The new bike highways should be laid out with a seriousness and roominess normally reserved for motor vehicles. To qualify, the new links will have to be at least 5 kilometers long and offer no more than 30 seconds of stopping time at intersections and traffic lights per kilometer. To allow safe overtaking, the highways’ lanes have to be at least 4 meters (13 feet) wide, shrinking to 3 meters when the lanes are completely separated into one-way tracks.

These rules should make them safer and faster to use, but they pose a question for Berlin that every city trying to improve conditions for cyclists must face. Where will they go? It’s easy for passionate bike advocates to say that cars should be pushed out to make space for bicycles. The sheer contentiousness of that process can serve to cause division and resentment that is in itself an impediment to change, in the end slowing down improvements.

Berlin has somewhat easier answers to this question than most cities. The city’s history of bombardment, division and reunification has opened up a few seams of space threaded in and out of the city’s heart that are ripe for development—spaces that are rare in other places. For a start, Berlin has several disused railway tracks. Gradually abandoned in the postwar period when West Berlin no longer needed heavy rail connections to Potsdam or the (now Polish) city of Szczecin, the rail links were also no use to East Berlin because their termini lay outside the GDR’s territory. These former lines offer avenues of green from the outskirts toward the city center, making them ripe for a reuse that shouldn’t destroy their leafy character.

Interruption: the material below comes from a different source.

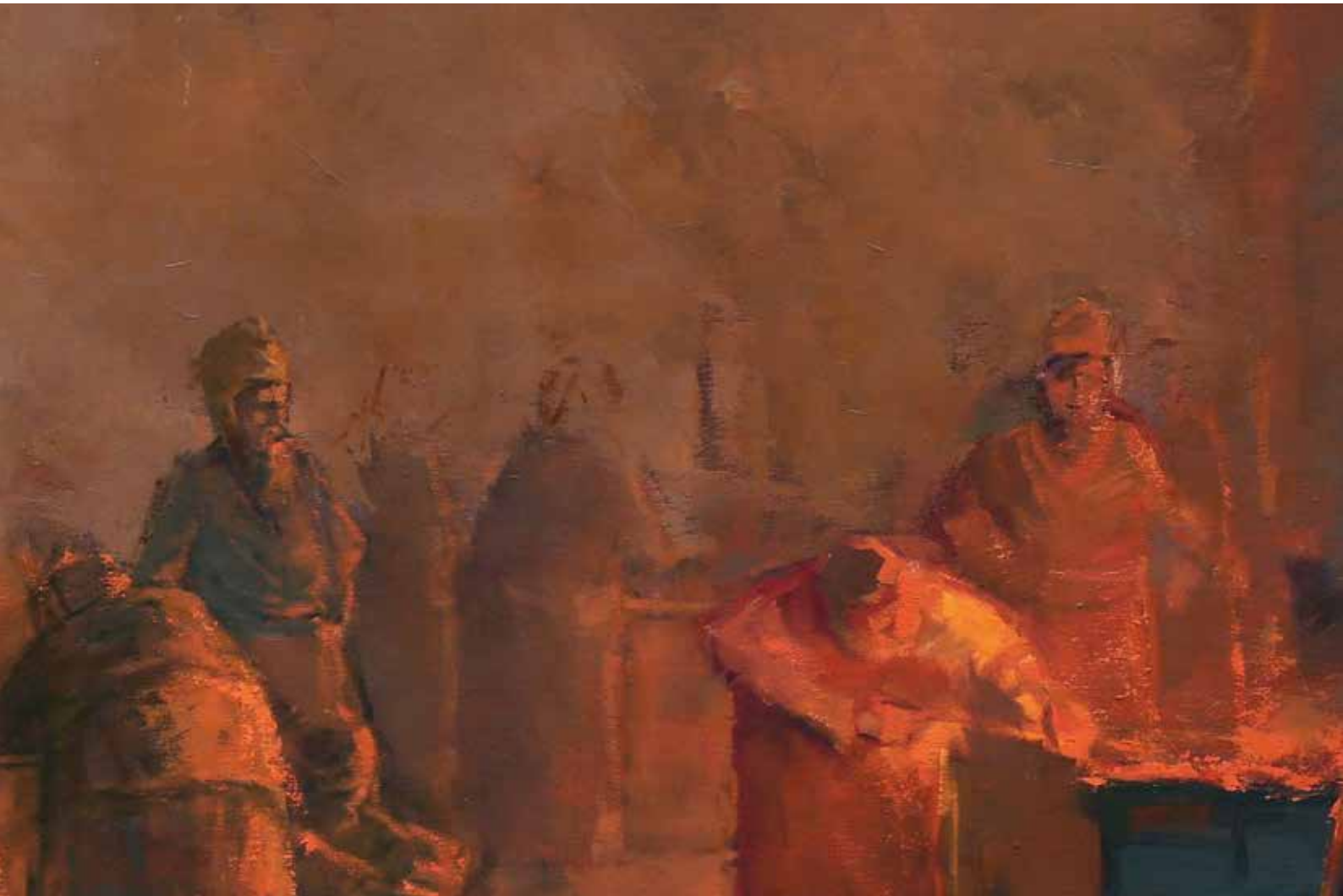
Cafe Workers , 1996. Oil on canvas, 39 \frac{3}{8} x 78 \frac{3}{4} in. (100 x 200 cm). Courtesy of the artist and the School of Fine Arts & Design, Addis Ababa University, Ethiopia

The unnecessarily huge space of the city’s central Strasse des 17. Juni is another slated location for a cycle superhighway. Plowed through the Tiergarten park, this avenue was widened by Nazi planners as a preliminary step to (probably unrealizable) plans to transform Berlin into a monumental fascist showcase, leaving it conveniently roomy. More recently, a post-reunification autobahn was carved into the city from the southeast, following the line of the Berlin Wall. This highway already possesses an unused track that could be separated off for bikes with a crash barrier.  And finally, there is the space underneath the city’s elevated subway, dubbed the “municipal umbrella” when first built. First covered by CityLab last year, this route could, if properly adapted, provide a generous dual carriageway for bikes along one of the city’s busier strips.

None of these routes’ transformations come without hitches, however. The elevated subway lines may have space underneath them that is either empty or used for parking, but their path is blocked at every station by staircases leading passengers up to the raised platforms. As one commenter noted on our previous coverage, this raises the specter of bikes crashing into subway users as they exit the stations. It might also present a challenge to the ruling on no more than 30 seconds of holdups per kilometer. Meanwhile, there are citizen groups that want the unused railway lines to be returned to their original purpose by offering train services.

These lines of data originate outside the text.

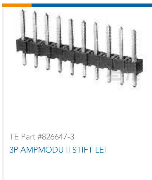
TE Part #826647-3 3P AMPMODU II STIFT LEI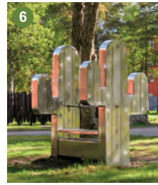
6 Jonas Kjellgren The most lonesome story ever told, 1998 Stainless steel 150 x 130 x 85 cm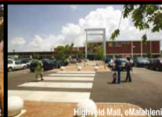
Highveld Mall, eMalahleni

Berlin still has the wind of public support behind its bike plans. A popular campaign to get a city-wide referendum on more bike funding gained over 100,000 signatures last year, enough to at least put a citywide vote on the agenda. The cycle highway concept enjoys cross-party support—partly because it largely leaves car space alone. This means that when it comes to newer, faster bike links for Berlin, it’s now a question of when and how many, rather than if.